On the one hand, it was refreshing to hear Metro General Manager announce that the transit authority was “embracing” the recommendations contained in a federal audit that criticized lapses in handling federal grants. Agencies under review sometimes stiff arm outside auditors with responses suggesting the auditors are unrealistic or overlooked efforts to comply with the rules.
On the other hand, Metro’s leadership is getting into the habit of blaming today’s problems on past generations of leaders.
During the special meeting of the Metro board on Monday to review responses to the audit, Sarles took the board members and public back to the start of his term in 2010.
“Four years ago, we faced major issues,” Sarles told the Metro board during its special session Monday. “Safety issues, the NTSB [National Transportation Safety Board] with their strong recommendations, among that [Metro lacked a ] safety culture. We had deteriorating infrastructure, notably tracks and escalators as examples. We had expired labor agreements. We had major communications issues with our customers and our stakeholders. We had a MetroAccess contract that was expiring. The Silver Line was coming. And the board also wanted to see a new electronic fare payment system.
“Behind the scenes, we had a hunkered down and bunkered organization, weakened over the years before that. We had to give the highest priorities to strengthening those areas of the organization needed to address the challenges that I listed above. In safety, we brought in new staffing, new leadership, and put it in a stronger place in the organization. Logistics was a major problem. We didn’t have spare parts to maintain our system in a timely fashion. in the human relations area, we did not have the ability to deliver the additional staff and put people into positions that were needed for the challenges we faced. … Customer service had to be improved. we needed more maintenance staffing and better maintenance staffing. And the same thing with the communications area.”
If you’ve forgotten by now, this is a meeting to review responses to the federal audit covering April 2012 to March 2013 that found Metro awarded millions in no-bid contracts, skirted contracting rules and appeared to steer work to a preferred vendor. See Lori Aratani’s story on the federal audit.
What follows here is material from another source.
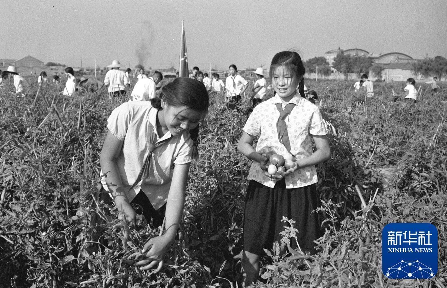 1972年,天津市的小学生们暑期在田里劳动。 新华社发他们通过暑假勤工俭学

Sarles then went on to describe Metro’s financial controls, like its train and bus operations, as a work in progress.
“Just like the rebuilding of our infrastructure is not complete, neither is our internal rebuilding complete,” Sarles told the board. “It’s clear that more progress is necessary. We are fully committed to operating Metro in compliance with all FTA [Federal Transit Administration] rules.”
“We do not dispute the 14 findings [of the audit]. Rather, we are embracing the recommendations and we are taking the corrective actions necessary to comply with each and every one of them.”
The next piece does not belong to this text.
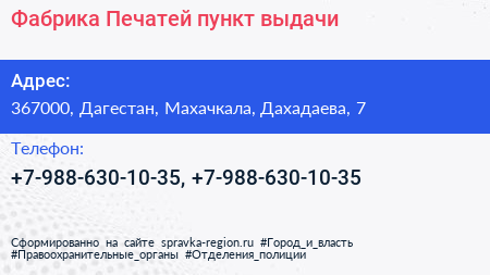Фабрика Печатей, пункт выдачи по адресу 367000, Дагестан, Махачкала, Дахадаева, 7 в дальнейшем Организация, размещена в следующих категориях:

A comparison between the state of Metro’s financial controls and the state of its train and bus operations should be alarming to the people who use the trains and buses.
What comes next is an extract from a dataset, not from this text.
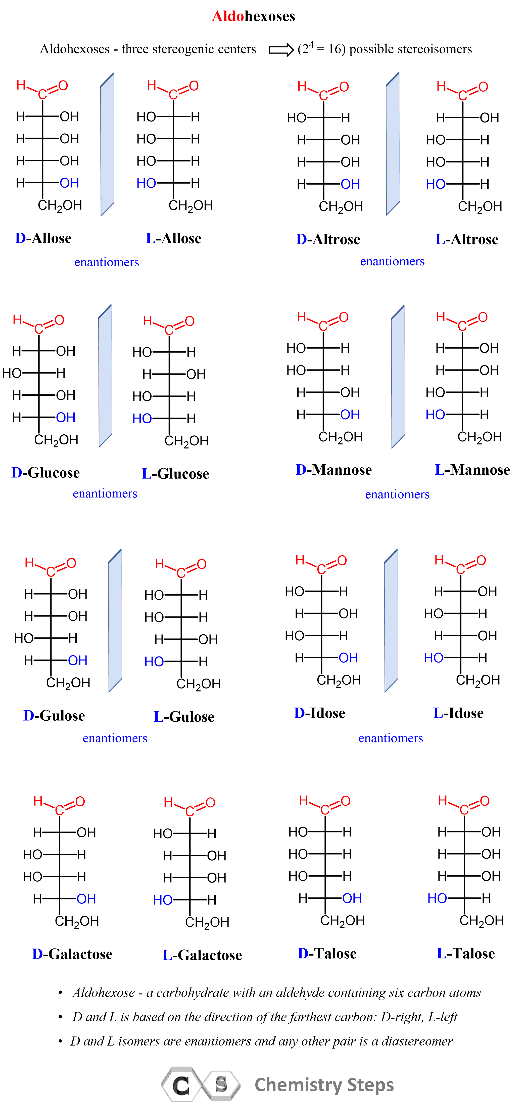 Aldohexoses have four stereogenic centers which means there are eight (24 = 16) possible stereoisomers This corresponds to eight pairs of enantiomers – eight D aldohexoses, and eight L aldohexoses:

Carol Kissal, Metro’s chief financial officer, went on to present a much bleaker review of Metro’s financial times than I’ve heard before from Metro officials: “When I arrived at WMATA in 2009,” she told the board, “I found a financial department that was in a state of chaos.” In her account of that time period, key management positions and the financial systems in use were outdated and inadequate. “I had to start by building the basics.”
“We’ve taken it step by step,” she said.
Apparently, those steps hadn’t taken Metro to the level covered by the audit. These are among the audit conclusions that Metro is embracing: “The grantee [Metro] did not have adequate controls in place to ensure that federal expenditures were incurred and charged to grants in accordance with approved budgets.” Again, the time period is 2012-2013, not a distant memory.
A note about Metro and federal grants: Metro as an institution cares deeply about maintaining the flow of federal money for advancing its equipment purchases and improvement plans. To threaten that flow is to step on Metro’s air hose. So these accountability problems uncovered in the audit don’t involve some incidental expenses. Sen. Barbara Mikulski (D-Md.) made that connection plain last week when she wrote to Sarles, expressing her concern with the audit’s findings: “You need to know that future dedicated funding for Metro is in real jeopardy. Federal funding is stringent. American taxpayers expect value and accountability for every dollar. And so do I. I will not tolerate Metro’s mismanagement of taxpayer dollars.”
The idea that the Metro bureaucracy allowed such a threat to arise in defiance of the organization’s survival instincts is as disturbing as any of the financial details in the audit.
Kissal and her staff went on to lay out their plan to comply with each of the audit’s findings and to do it soon. Their plan, and the fact that it was presented in public, should inspire confidence, up to a point.
It’s impossible to forget the comparison that Sarles himself drew to the rebuilding of the transit services.
After days of disruptions on the Red Line in November, Sarles apologized to riders: “I know that service on the Red Line has not been good over the past several days. Be assured, we are focused on these issues and are taking steps to improve service.”
Having heard that, Red Line riders may not be as inspired about Metro’s financial accountability as Congress is meant to be.